On Sat, 5 Jan 2013 01:38:20 +0000 (UTC),
Anders.Montonen@kapsi.spam.stop.fi.invalid wrote:

>Jon Kirwan <jonk@infinitefactors.org> wrote:
>> From your points and the above, if a particular
>> implementation of the core is chosen (a specific part from a
>> specific manufacturer) then would it be possible to establish
>> timer interrupts together with crafted software in order to
>> drive I/O pins with guaranteed known latencies?
>
>It may be, provided you are able to avoid all pipeline stalls and pay 
>careful attention to the system memory interface. Not all multicycle 
>instruction are explicitly stated to be interruptible in the 
>architecture documentation, and it is also not stated what happens in 
>the presence of pipeline stalls. You'd have to verify that with the part 
>manufacturer. There is an upper bound of 12 cycles (assuming no memory 
>wait states), but that's not really helpful here.

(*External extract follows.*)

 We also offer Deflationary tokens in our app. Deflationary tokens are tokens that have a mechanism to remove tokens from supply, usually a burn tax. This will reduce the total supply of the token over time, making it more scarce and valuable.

Thanks again, Anders. I appreciate the carefully crafted
advice -- it is worth money.

Jon

Jon Kirwan <jonk@infinitefactors.org> wrote:
> From your points and the above, if a particular
> implementation of the core is chosen (a specific part from a
> specific manufacturer) then would it be possible to establish
> timer interrupts together with crafted software in order to
> drive I/O pins with guaranteed known latencies?

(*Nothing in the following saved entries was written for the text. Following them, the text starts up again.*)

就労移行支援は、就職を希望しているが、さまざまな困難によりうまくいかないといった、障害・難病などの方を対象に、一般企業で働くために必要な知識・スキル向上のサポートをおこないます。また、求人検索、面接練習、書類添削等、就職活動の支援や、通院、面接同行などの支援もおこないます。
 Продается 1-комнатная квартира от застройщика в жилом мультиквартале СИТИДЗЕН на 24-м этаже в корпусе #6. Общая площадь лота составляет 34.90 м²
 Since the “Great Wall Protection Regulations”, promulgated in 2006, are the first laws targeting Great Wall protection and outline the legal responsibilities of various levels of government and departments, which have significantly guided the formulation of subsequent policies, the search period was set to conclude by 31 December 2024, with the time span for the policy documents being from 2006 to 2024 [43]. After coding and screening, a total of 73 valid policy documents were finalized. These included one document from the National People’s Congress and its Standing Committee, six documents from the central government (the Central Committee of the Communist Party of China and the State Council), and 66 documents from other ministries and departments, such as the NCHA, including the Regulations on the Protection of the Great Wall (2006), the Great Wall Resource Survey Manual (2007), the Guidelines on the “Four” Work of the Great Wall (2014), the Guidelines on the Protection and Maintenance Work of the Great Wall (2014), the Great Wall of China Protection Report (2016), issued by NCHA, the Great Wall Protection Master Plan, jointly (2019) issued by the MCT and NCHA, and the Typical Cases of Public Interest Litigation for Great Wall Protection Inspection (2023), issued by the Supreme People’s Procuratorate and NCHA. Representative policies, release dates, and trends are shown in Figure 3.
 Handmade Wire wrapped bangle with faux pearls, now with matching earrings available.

It may be, provided you are able to avoid all pipeline stalls and pay 
careful attention to the system memory interface. Not all multicycle 
instruction are explicitly stated to be interruptible in the 
architecture documentation, and it is also not stated what happens in 
the presence of pipeline stalls. You'd have to verify that with the part 
manufacturer. There is an upper bound of 12 cycles (assuming no memory 
wait states), but that's not really helpful here.

-a

On Fri, 04 Jan 2013 14:28:25 -0800, I wrote:

><snip>

>Well, even the 8051 does that. (Four sets, I think.) And that
>goes back a long ways. Good idea and simple. But I see this
>patent from Microchip in 2010:
>
>http://www.pat2pdf.org/patents/pat20100262805.pdf

Or patent application, anyway. No prior art mentioned in it.
I'm not savvy enough about patents to know if this was
actually issued. Looks like an application to me, though.

Jon

On Fri, 4 Jan 2013 14:20:49 -0800, Mark Borgerson
<mborgerson@comcast.net> wrote:

>In article <faiee8hui7b32r2934r00vm6q0je0onvte@4ax.com>, 
>jonk@infinitefactors.org says...
>> 
>> On Fri, 04 Jan 2013 12:40:59 -0800, Jon Kirwan
>> <jonk@infinitefactors.org> wrote:
>> 
>> ><snip>
>> 
>> >>Mark B. wrote:
>> >>Doesn't the ability to rotate right by 1 to 32 bits in a single
>> >>cycle imply a barrel shifter?
>> >
>> >I suppose. The one in the ADSP-21xx requires much more logic.
>> >The ADSP-21xx barrel shifter can do both normalization and
>> >denormalization in a single cycle. Lane changes alone is, in
>> >my mind, only part of the job. Once you have the ability to
>> >do a 0-31 lane change, it's a shame to not add the gates for
>> >normalization.
>> 
>> See this:
>>  http://www.lr.ttu.ee/~juliad/IRZ0070/21xxUM/Chap_2.pdf
>> 
>> It covers the 2100 Family barrel shifter unit, starting on
>> page 2-22 (section 2.4).
>> 
>> The overview says,
>> 
>> "The shifter provides a complete set of shifting functions
>> for 16-bit inputs, yielding a 32-bit output. These include
>> arithmetic shift, logical shift and normalization. The
>> shifter also performs derivation of exponent and derivation
>> of common exponent for an entire block of numbers. These
>> basic functions can be combined to efficiently implement any
>> degree of numerical format control, including full
>> floating-point representation."
>> 
>> My kind of barrel shifter module. Wouldn't mind a 32x64. But
>> this is quite tolerable.
>
>Hmmm.  I don't know that I'd call that a barrel shifter.  I've
>always considered the old visual image of  a circle with
>arrows from each position to all other positions.  That implies
>that the output is exactly as many bits wide as the input.
>
>What you're describing seems to be something else---with variable
>width inputs and outputs and some other combinatorial logic.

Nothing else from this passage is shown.